A Process Behavior Chart shows you the system — its central tendency, its range of variation, its shifts and signals — so you can manage the system that produces the results. The target still matters. It represents what patients need and deserve. But it sits on the chart as a reference line, not as a gate. When you can see both the target and the process limits together, you get an honest picture: is this system capable of consistently meeting the target, or does the system itself need to change?
That question — “does the system need to change?” — is where improvement actually starts. You don't get there by asking “did we hit the number?”
What the Wrong Metric Really Costs
The most expensive thing about a bad metric isn't the gaming, though the gaming is real. It's the conversations that never happen.

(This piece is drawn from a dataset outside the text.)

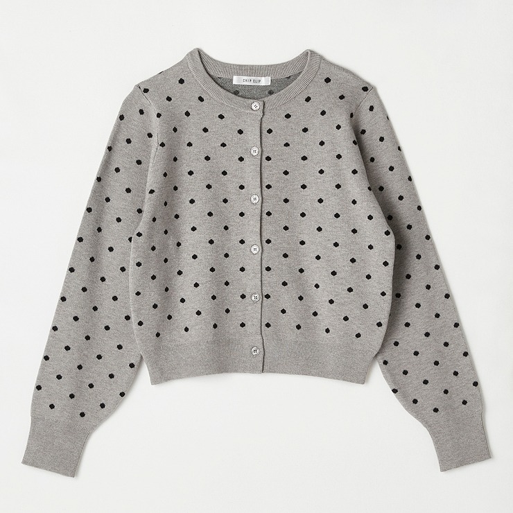 細かなドット柄が目を引く、ガーリーカジュアルなニットカーディガン。

When leaders spend their time celebrating a percentage that ticked up — or scrambling to explain one that ticked down — they're not asking “what is our system doing, and how can we improve it?” One question leads to defensiveness, storytelling, and pressure to manipulate the numbers. The other leads to learning.
Wheeler would tell us to let the data speak.
But first, we have to stop destroying the data before it has a chance to say anything.
Frequently Asked Questions
Tracking actual wait times on a Process Behavior Chart is more useful than tracking the percentage of patients seen under a threshold. A PBC plots individual data points over time and calculates natural process limits from the data itself, helping leaders distinguish between routine variation and real signals of change. Binary threshold metrics like “% seen under 15 minutes” destroy information by collapsing continuous data into pass/fail.
A binary threshold metric treats a 14-minute wait the same as a 30-second wait and a 16-minute wait the same as a three-hour wait. It can show improvement even while average wait times are getting worse — for example, if a department triages more fast patients under the line while long waits grow significantly longer. The metric registers whether patients crossed a threshold, not what the system is actually doing.
A Process Behavior Chart — Donald Wheeler's term for what Walter Shewhart originally developed as a control chart — plots data points over time with a calculated average and natural process limits. It distinguishes routine variation from signals that something in the system has actually changed. Unlike arbitrary targets, the limits come from the data itself, reducing both overreaction to noise and missed signals of real deterioration.
When leaders impose hard targets with consequences, staff find ways to technically comply without improving patient care. The NHS four-hour A&E target led to patients being admitted at the last minute regardless of clinical need, ambulances idling outside so the clock wouldn't start, and staff being redirected from other departments during reporting periods.







It would also be interesting to see the individual wait times plotted on the PBC. What are your thoughts on managing the reporting cycles? Most metrics are monthly. I’d typically advocate for shorter durations so we can respond more timely.
Yes, that would be interesting to see. A PBC could be used for each individual patient’s wait times, but the chart would quickly get crowded in a high-volume E.D
I totally agree that monthly metrics lead to VERY slow cycles of improvement and evaluation of potential improvements.